RELATED EVENTS: Community Gallery installation, Charles H. Wright Museum of African American History, Detroit

Penny Stamps Speaker Series with Ibrahim Mahama, a conversation with Amanda Krugliak, arts curator at the Institute for the Humanities and lead curator; Ozi Uduma, assistant curator for global contemporary art at UMMA; Laura De Becker, curator of African art and interim chief curator at UMMA; Neil Barclay, president and CEO of the Charles H. Wright Museum of African American History; and Ibrahim Mahama.

This exhibition was supported by a grant from The Andrew W. Mellon Foundation.

Immigrant Song, 2020 a part of Results or Roses by Sarah Rose Sharp.

RESULTS OR ROSES: NEW AND ASSORTED WORKS Sarah Rose Sharp

ABOUT THE ARTIST: Sarah Rose Sharp is a Detroit-based writer, activist, photographer, and multimedia artist. She writes about art and culture for Art in America, Hyperallergic, Flash Art, Sculpture Magazine, ArtSlant, and others. Sarah was named a 2015 Kresge Literary Arts Fellow for Art Criticism and is a 2018 recipient of the Rabkin Foundation Prize.
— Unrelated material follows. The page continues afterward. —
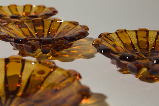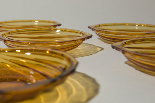 Set of five amber glass DESSERT PLATES
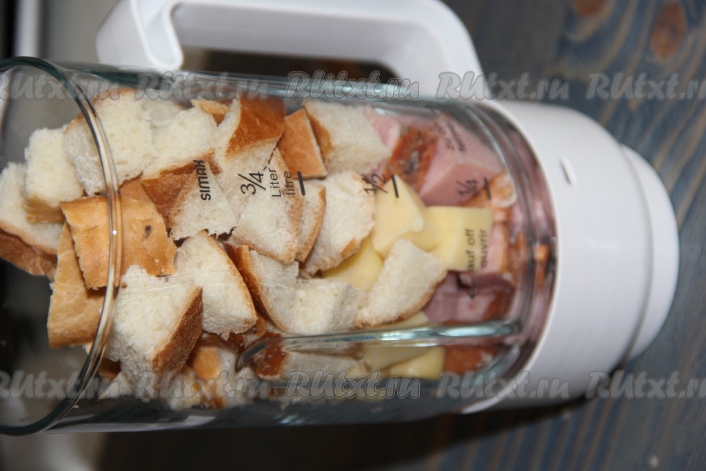 Выложить ветчину, сыр и хлеб в чашу блендера.

She is a guest lecturer at several universities in Southeast Michigan and served as a mentor in the NYFA Immigrant Artist Mentorship Program in 2018. Sharp has served as guest curator and juror for institutions including Penn State University (State College, PA) and the Scarab Club (Detroit, MI). She has shown her own work in New York, Seattle, Columbus & Toledo, OH, Covington, KY, and Detroit—including at the Detroit Institute of Arts—with solo shows at Simone De Sousa Gallery and Public Pool.

ABOUT THE EXHIBITION: Results or Roses: New and Assorted Works is a virtual exhibition by artist and writer Sarah Rose Sharp and part of the Institute for the Humanities’ Andrew W. Mellon Foundationfunded “High Stakes Art” initiative. The exhibition of new and collected fiber-based art incorporates salvaged and found bits of cultural and fiber art that, as she explains, “forms a discourse that is physical rather than textual.” We supported Sharp’s work on Results or Roses during the summer of 2020, but due to COVID-19 were forced to postpone the pop-up exhibition also scheduled for summer 2020. This fall we installed Results or Roses as a pop-up exhibition in the Osterman Common Room and also as a virtual exhibition.

This exhibition was supported by a grant from The Andrew W. Mellon Foundation.